In the past users were taking advantage of these projects for search from a text standpoint, but as data grew into more places, the demand to access unstructured or semi-structured content branched outward. Now it’s not just about data access, rather, the focus now is on relevance, scalability and fuller functionality of search capabilities. Ingersoll said that with this in mind, the company has been investing heavily in distributed and real-time search, an effort that is aided by the fruits of Apache labor via the Lucene and Solr 4.0 release, which he says will “set the stage for the next generation of search applications.”
The Lucene project itself began in 1999 with Hadoop co-founder Doug Cutting, and resulted in the project becoming robust enough to support the underlying search capabilities for Twitter, Disney, LinkedIn, and other recognizable brands. Solr, which Ingersoll has also worked on, was added to extend this functionality.
Mahout, which is Ingersoll’s big claim to Apache fame, was spun out of Lucene as the needs to solve more complex relevance problems in search, especially on the text front, merged with greater demand for more robust machine learning libraries.

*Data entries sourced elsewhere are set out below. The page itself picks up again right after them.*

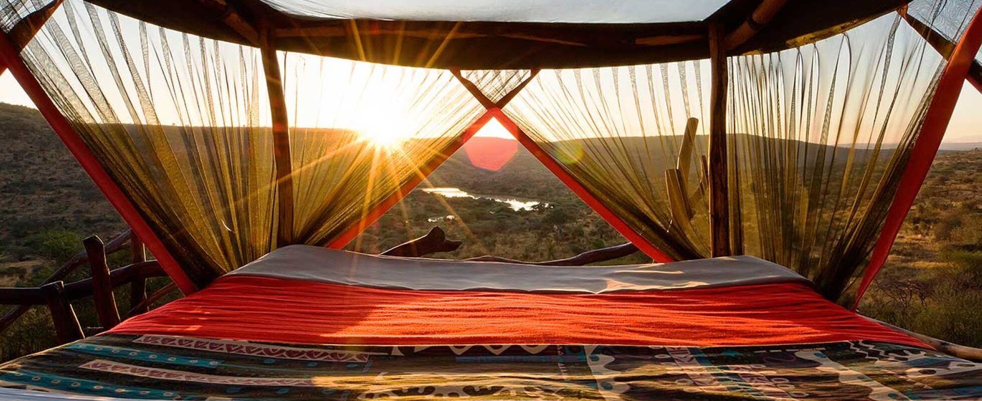 If you have always dreamed to spend the night outside, in the African wilderness, under a sky full of stars… then this is your chance. The Elewana Loisaba Star Beds offers just that, with their beds on wheels that roll out onto a terrace in the evening. Here you can sleep in sumptuous beds, protected by Maasai and Samburu warriors, while you enjoy the sounds and images of the African night all around you. Besides, this is also just a normal lodge with four rooms, a sitting/ dining area and lots of activities to be discovered (from horseback riding to mountain biking and fishing).
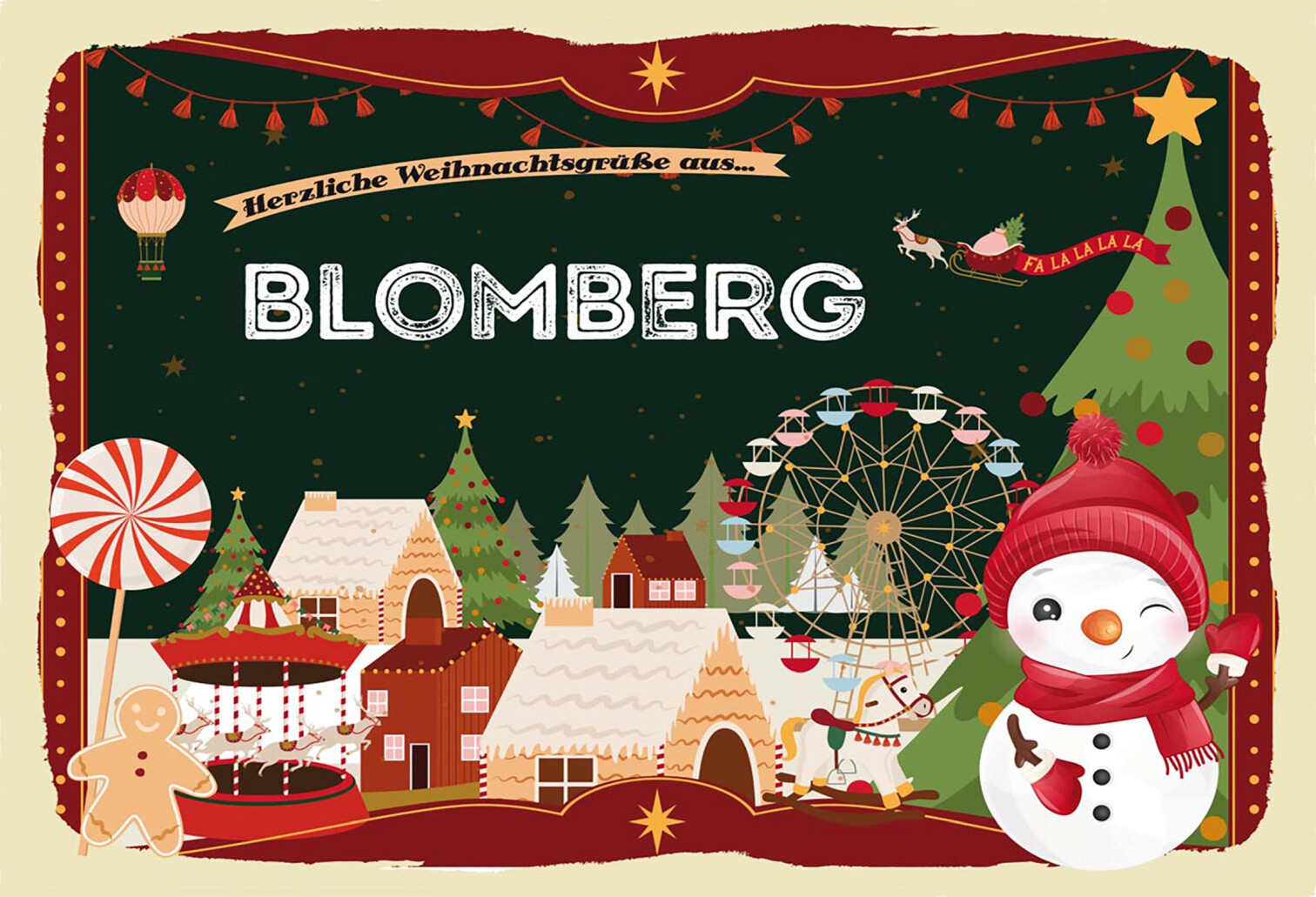 Schild Spruch Herzliche Weihnachtsgrüße aus Blomberg Comic Schneemann JW
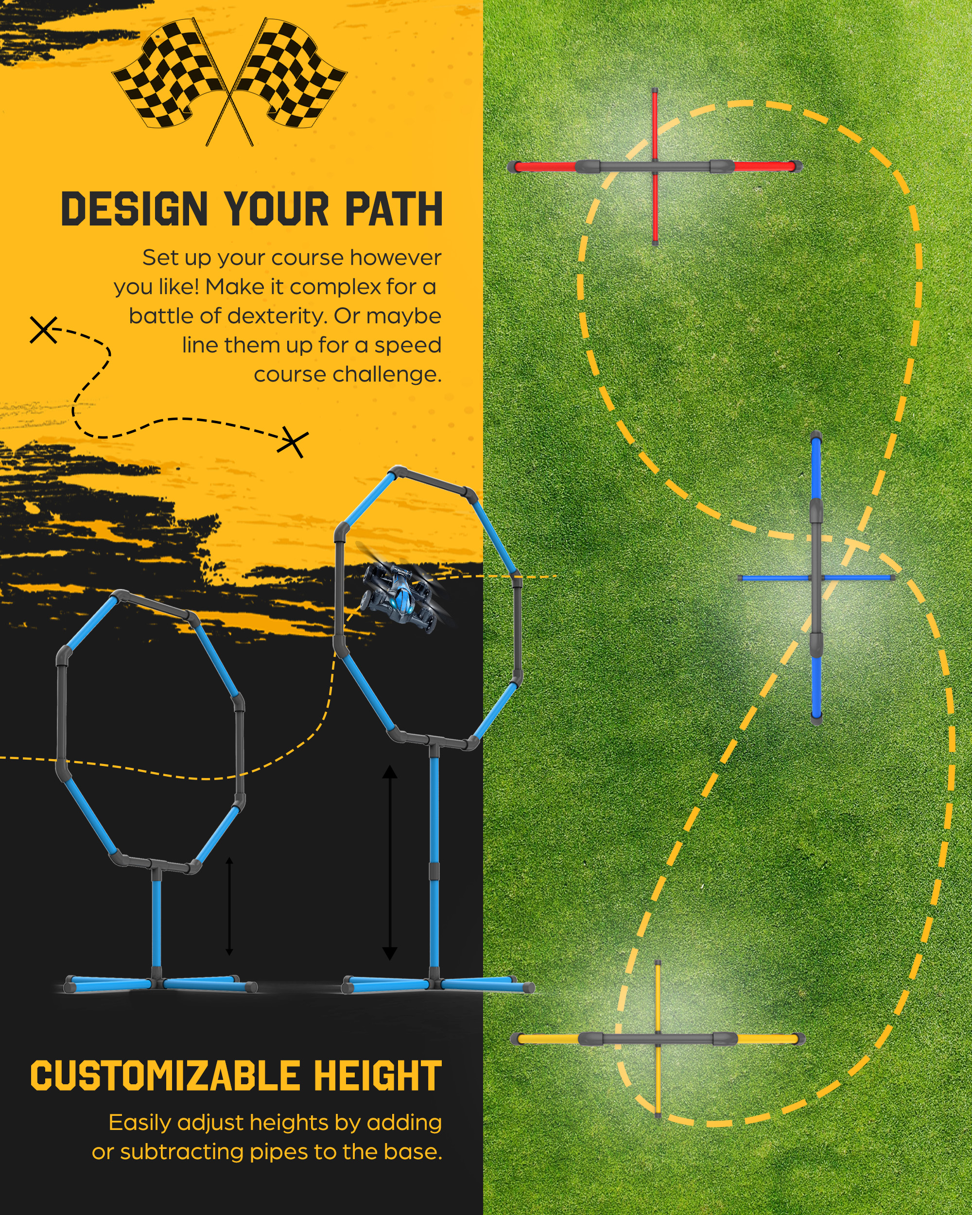 This obstacle course set is suitable for beginners, and can be made more challenging by adjusting the 3-loop racing course configuration. Checkpoint diameters: 20 inch / 23 inch / 27 inch

While he notes that there are already a number of open source machine learning libraries available, they are too research-oriented, don’t scale, or lack the development community that Apache provides.
Development work on Mahout to increase relevance and robustness is centered around three areas of machine learning; classification, clustering and collaborative filtering, all three of which he says are addressed by the company’s LucidWorks Big Data offering.
“We want to provide a one-platform approach to let users ask questions of semi and multi-structured data and give them multiple ways of accessing and searching that content,” said Ingersoll. “By marrying Solr with Hadoop, Mahout and other machine learning tools, we’re giving application developers a single place to go to build out these types of systems,” Ingersoll added, pointing to a range of use cases in government, genetics and ecommerce where these capabilities are required.